SECTION 8 - OTHER EVENTS
Item 8.01. Other Events.
This Current report on Form 8-K contains forward-looking statements which include, but are not limited to, statements concerning expectations as to our revenues, expenses, and net income, our growth strategies and plans, the status of evolving technologies and their growth potential, the adoption of future industry standards, expectations as to our financing and liquidity requirements and arrangements, the need for additional capital, and other matters that are not historical facts. These forward-looking statements are based on our current expectations, estimates, and projections about our industry, management’s beliefs, and certain assumptions made by it. Words such as “anticipates”, “appears”, “expects”, “intends”, “plans”, “believes, “seeks”, “estimates”, “may”, “will” and variations of these words or similar expressions are intended to identify forward-looking statements. In addition, any statements that refer to expectations, projections, or other characterizations of future events or circumstances, including any underlying assumptions, are forward-looking statements. These statements are not guarantees of future performance and are subject to risks, uncertainties, and assumptions that are difficult to predict. Therefore, actual results could differ materially and adversely from those results expressed in any forward-looking statements, as a result of various factors. Readers are cautioned not to place undue reliance on forward-looking statements, which are based only upon information available as of the date of this report. We undertake no obligation to revise or update publicly any forward-looking statements for any reason.

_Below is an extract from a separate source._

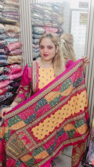 Chinnon Suit with Pants and Printed Dupatta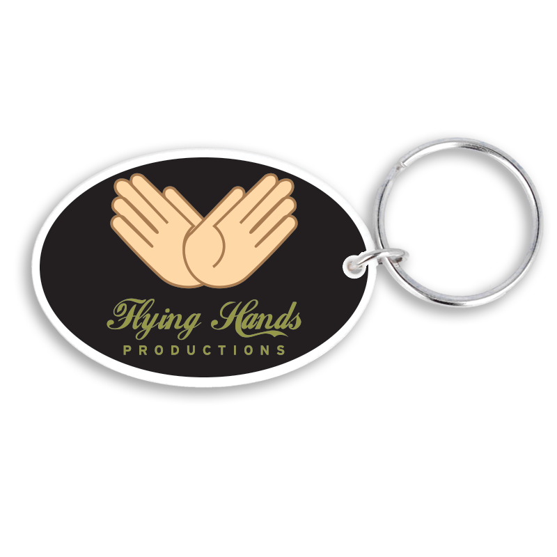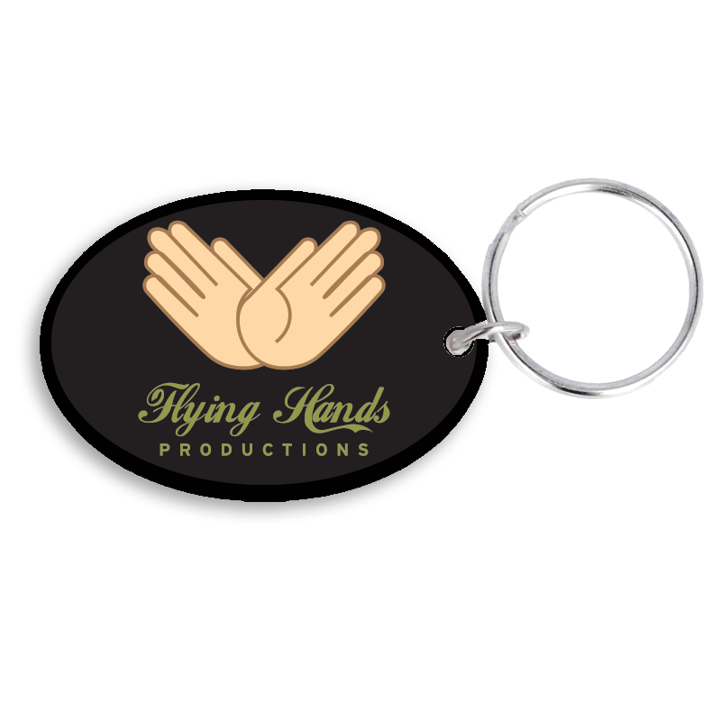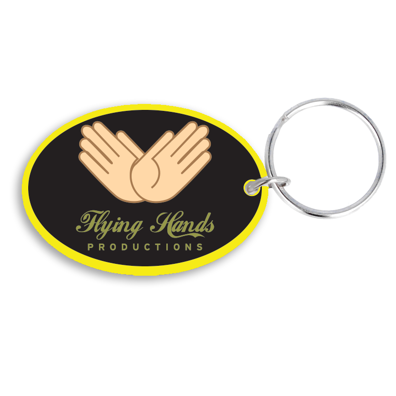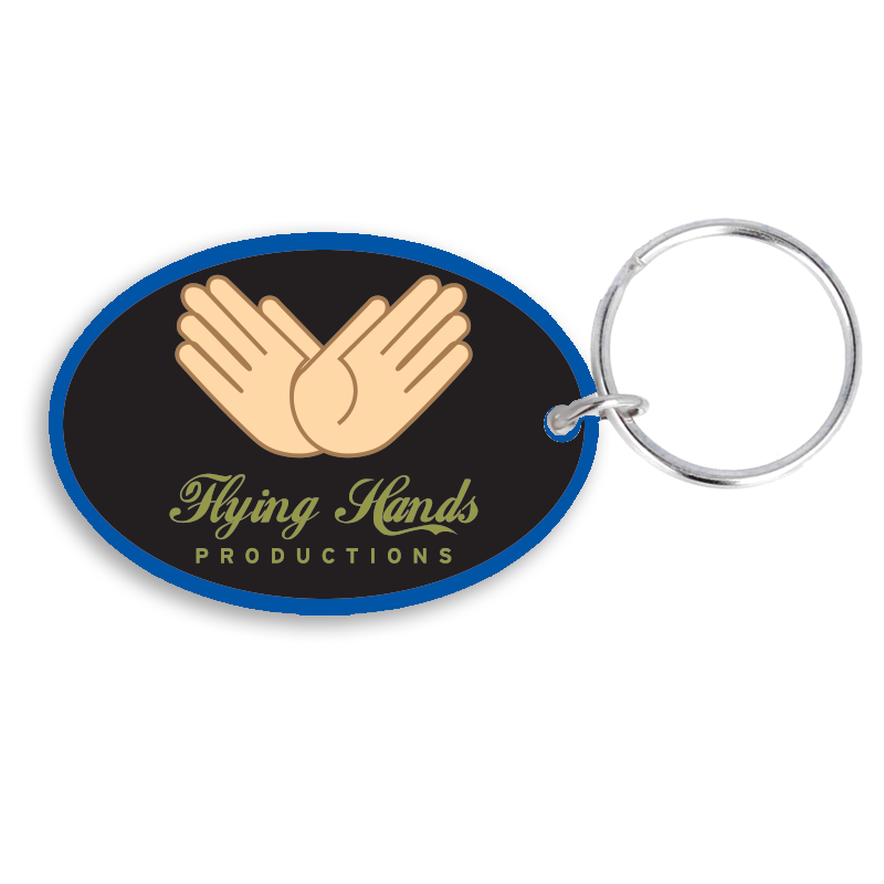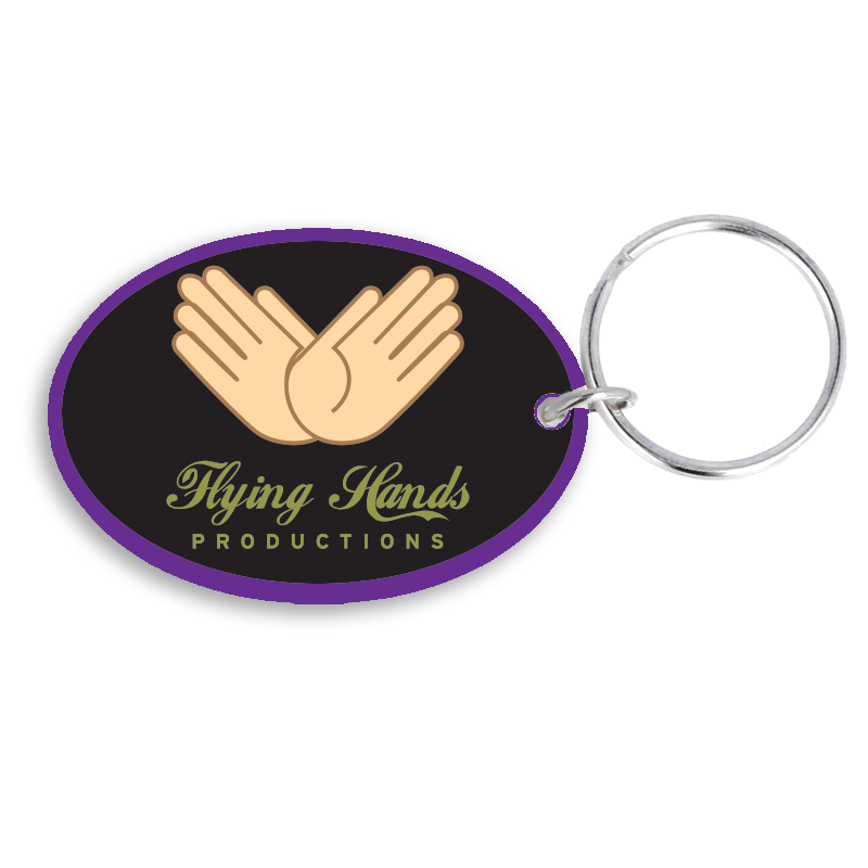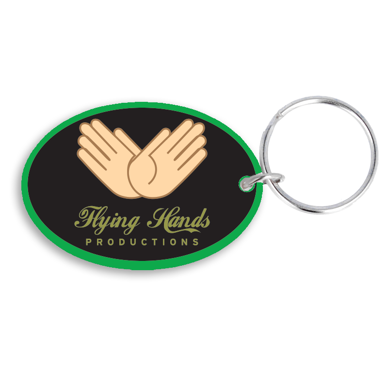 The 50mm oval keyring is supplied with split ring and jump ring fitting. It is made in the UK from recycled plastic and digitally printed in full colour as standard.

On August 6, 2012, AudioEye Acquisition Corporation, CMGO Investors LLC and the Company have agreed to extend the closing date of the April 13, 2012 signed Option, Note Purchase, Modification and Escrow Agreement for the Purchase of the Convertible Notes as filed on Form 8-K on June 1, 2012, from August 7, 2012 to August 14, 2012, with time being of the essence, in order to coordinate the closing, in accordance with the terms and provisions agreed upon in the Amended Master Agreement signed April 13, 2012.
The extension of the closing date is in accordance with the amended the June 22, 2011 Master agreement between the Company and AudioEye Acquisition Corporation pursuant to which the shareholders of AudioEye Acquisition Corporation will acquire 80% of the capital stock of AudioEye, Inc. from the Company, and the Company will distribute to its shareholders, in the form of a dividend, 5% of the capital stock of Audioeye, Inc. The parties have concluded that it is in the best interests of all shareholders to amend the Master Agreement to separate the Spin-off and Share Exchange and to cause the satisfaction and release of the Notes to be effective as soon as practicable but no later than the closing of the Share Exchange.